This action was brought to recover the value of a pair of horses, sold by the defendant, a deputy sheriff, to satisfy executions in his hands. It appears there were three executions in the hands of the defendant. The first was against Carnrick (the plaintiff) and Austin and Barn-hart, and was delivered to the sheriff on the 26th day of October, 1848. The second was against Winsor, Carnrick and Austin, and was delivered on the 12th day of September, 1848. The third was against Carnrick, and Austin and Greenman, and was delivered on the 28th of December, 1848. The property in question did not belong to the plaintiff until January, 1849, and was levied on under the last execution, as appears by an indorsement of the defendant, on the 12th day of February, 1849. The time for levying under the first two executions had expired before the plaintiff purchased the horses. In June, 1850, the defendant offered the property for sale, but after one or two bids, the plaintiff objecting to the sale, on the ground that the horses were exempt, the sale was postponed, and an arrangement was made, by which the plaintiff turned out the horses to be sold at a future day, in case the execution should not in the meantime be paid. On the 19th of July, 1849, the plaintiff paid to the attorneys who issued the executions the amount of the two youngest executions, except the sheriff’s fees, leaving the whole of the oldest execution, and the sheriff’s fees on the last two executions, unpaid.
On the 20th of December, 1850, the .horses were sold by the defendant, the sale being made after sundown.
The sale was undoubtedly void. The statute (2 R. S. 466, 3d ed.) requires every sale by virtue of an execution to be between the hours of nine A. M. and the setting of the sun.
I think the referee was right in holding that the effect of this was that the proceedings of the sheriff were void ab initio. The levy was made by virtue of the execution last received by the sheriff. It was not until four months afterwards, when the defendant was about to sell the property, and after the plaintiff had objected to the sale, on the ground that the horses were exempt, that the plaintiff “turned out the property,” as the wit*11ness calls it, to the sheriff. It was in fact nothing more than waiving a claim of exemption, to gain time; that is, it was giving a consent to what the defendant had already done and had a right to do, under the last execution. I think the defendant was acting under a claim of authority given by law, and not under authority given by the party. Under such circumstances the abuse by the defendant would make him a trespasser ab initio. (Dumont v. Smith, 4 Denio, 319. Allen v. Crofoot, 5 Wend. 508, 509.)

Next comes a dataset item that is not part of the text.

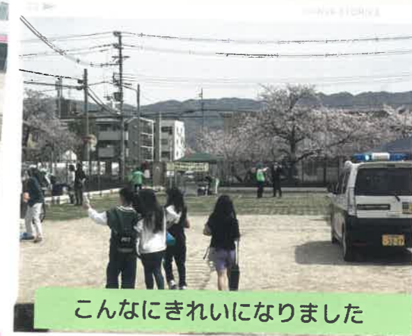
こんなにきれいになりました
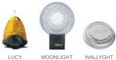
LUCY MOONLIGHT WALLYGHT

[Albany General Term, May 3, 1852.Parker, Wright and Harris, Justices.]
I think the referee was right in deciding that it was not proved that the property was exempt from execution. The onus probandi on that question rested on the plaintiff.
In the view I have taken, it is unnecessary to inquire whether the defendant had a right to proceed and sell after the judgments and executions were all paid except sheriff’s fees.
It was shown on the trial that on the 27th of July, 1850, the plaintiff executed a mortgage on the horses to Benjamin Barker. But I do not see how that can afford any defense to the defendant for the wrongful act committed by him. The plaintiff had a right to retain the possession of the property until he was legally dispossessed by the mortgagee.
The judgment rendered on the report of the referee must be affirmed.